Almost 50% of hyperthyroid cats have cTnI concentrations within the detectable level of the assay. Interestingly those cats with raised serum cTnI concentration had higher T4 levels than those cats with undetectable serum cTnI. This difference did not, however, reach significance (P=0.12). The effects of thyroid hormone on the cardiovascular system are well documented and it is likely that higher thyroxin levels would result in increased myocardial oxygen demand caused by increased systolic and diastolic performance, increased cardiac output and reduced systemic vascular resistance (Klein and Ojamaa 2001). Indeed, in this study a significant reduction in heart rate and fractional shortening were identified following normalisation of T4 levels and a lower indirect blood pressure was found in those cats with detectable cTnI even though the value fell just short of being significant (P=0.06). Results of a recent study have shown that only nine out of 100 hyperthyroid cats were found to be hypertensive which would suggest that systemic vascular resistance decreases in the presence of increased cardiac output in this species (Syme and Elliot 2003). Cardiac troponin I is a sensitive but non-specific marker of myocardial cellular damage (Goldmann et al 2001, Sleeper et al 2001). Detectable levels may, therefore, be expected in a systemic disease which increases myocardial oxygen demand thereby predisposing the myocardium to cellular hypoxia, induces up regulation of angiotensin II and aldosterone resulting in cardiac remodeling and fibrosis.

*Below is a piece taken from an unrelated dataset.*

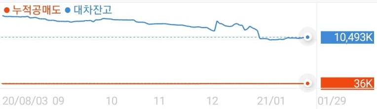 이렇게 모바일 증권앱에서 직접 보는 방법도 있습니다. 한국투자증권 기준으로 거래동향에서 공매도/대차/신용을 보면 됩니다. 공매도는 막혀있으니까 빨간색 선은 볼 필요 없고 대차잔고를 보시면 됩니다. 저게 늘면 공매도 세력이 공매도 치는 포지션(숏 포지션)을 잡고 있다고 보면 됩니다.

In this study only about 50% of the hyperthyroid cats had detectable cTnI and factors that determine the serum cTnI level include the chronicity of the disease before treatment, the magnitude of the hormonal excess, the degree of remodeling and up regulation of neurohormonal mechanisms such as the rennin–angiotensin aldosterone system and sympathetic nervous system.

A significant difference was seen in hyperthyroid cats with detectable compared to non-detectable cTnI for two of the M-mode echocardiographic measurement: IVSd and IVSs with a thicker IVS present in those cats with detectable cTnI values. Though this may suggest that a greater degree of myocardial remodeling occurred in those cat with detectable cTnI compared to the other hyperthyroid group, care must be taken not to over interpret the importance of a difference of about 1 mm between these M-mode measurements in the two groups. This is especially true as in all the cats with detectable cTnI the IVS thickness was within the normal reference range for this species (Fox 1999). Furthermore, it would be difficult to explain how the multiple biological effects of raised thyroid hormone would result in a phenotype only affecting the IVS and not other parts of the myocardium. In three cats with detectable cTnI and four cats without detectable cTnI a focal area of the IVS distal to the LVOT with a mild increase in thickness that in all cases was less than 6 mm was observed. This was considered an age related change rather than representing true pathology although recently diastolic impairment of focal IVS hypertrophy in a similar position has been described (Simpson et al 2003). As this focal area of hypertrophy was present in both groups of cats it is unlikely that this factor was the cause of the difference in IVS thickness between the two groups. However, the possibility that this area of hypertrophy was included in the M-mode measurement of IVS thickness more frequently in the cats with detectable cTnI cannot be completely eliminated.

In cats with hypertrophic cardiomyopathy (HCM) arterioslerosis of intramural coronary arteries is seen (Liu et al 1993, Fox 2003) and the resulting ischaemia and replacement fibrosis has been suggested as a possible cause of detectable serum cTnI in these animals (Connolly et al 2003). There are limited studies on the histological changes seen in the myocardium in cases of feline hyperthyroidism. In one report histopathology included interstitial fibrosis, endocardial fibroplasias and myocyte disorganisation. However, significant symmetric hypertrophy of the left ventricle was also documented at post mortem (Liu et al 1984). It is, therefore, difficult to conclude whether the detectable serum cTnI in the 11 cats in this study is a consequence of myocardial cellular damage caused by myocardial intramural coronary ischaemia or cellular damage resulting from direct physiological effects of thyrotoxicosis. It is also important to realise that a single serum cTnI value only gives information about cellular damage at one point in time during a dynamic chronic disease process and that cTnI concentration may vary under the influence of factors such as the degree of neurohormonal stimulation and magnitude of β receptor up regulation. This may explain why out of the 12 cats without detectable levels of cTnI before radioactive iodine treatment, cTnI was subsequently detected in two cats on a later visit.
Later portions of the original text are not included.